U.S. wholesale inventories rose unexpectedly in January as sales tumbled, suggesting that inventory overhang will continue to be a drag on economic growth.

The Commerce Department said Wednesday that wholesale stocks increased 0.3% after being unchanged in December. Economists polled by Reuters had forecast inventories falling 0.2% in January.

Sales declined 1.3%, extending December’s 0.6% drop. The weak sales pace in January means it would take wholesalers 1.35 months to clear shelves, the highest inventory-to-sales ratio since April 2009, when the economy was in recession.

“Plenty of inventory pain remains in the pipeline,” Michael R. Englund, chief economist at Action Economics, told Reuters. “Wholesale inventory growth has beaten sales growth since mid-2014 to leave a steep inventory-to-sales ratio spike that is usually only seen in recessions.”
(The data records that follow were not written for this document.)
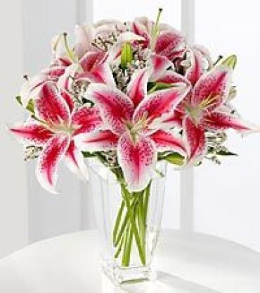 Beautiful lilies in a clear vase, availabe in pinks, white or yellow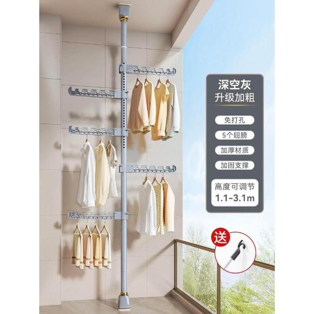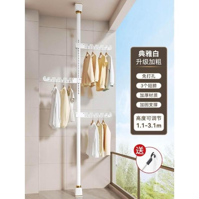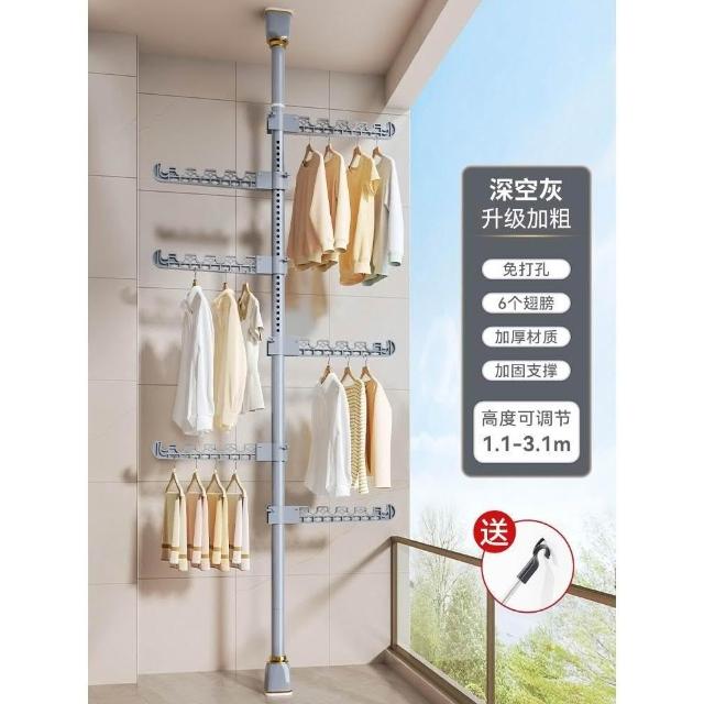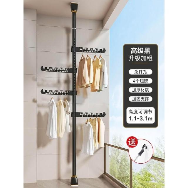 頂天立地晾衣架落地家用臥室陽臺免打孔伸縮曬衣桿省空間掛衣神器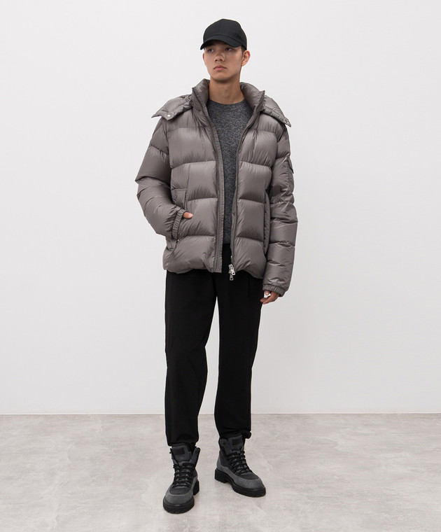 Сіра стьобана пухова куртка з нашивкою логотипа

Economists, though, are not particularly concerned that the high inventory-to-sales ratio may signal a recession, noting that the increase had been fueled by a rise in the stocks of nondurable goods like drugs, paper, and farm products.

In addition, Reuters said, strong consumer spending and a firmer housing market, against the backdrop of a tightening labor market, are keeping the economy on steady ground.

“We take limited signal on the overall economy from such an outturn,” said Jesse Hurwitz, an economist at Barclays in New York.

Inventories are a key component of gross domestic product changes. The component of wholesale inventories that goes into the calculation of GDP — wholesale stocks excluding autos — edged up 0.1% in January.

Wholesale drug inventories rose 3.3% in January, while sales slipped 0.2%, leaving the inventory-to-sales ratio for that segment at its highest level since March 2005.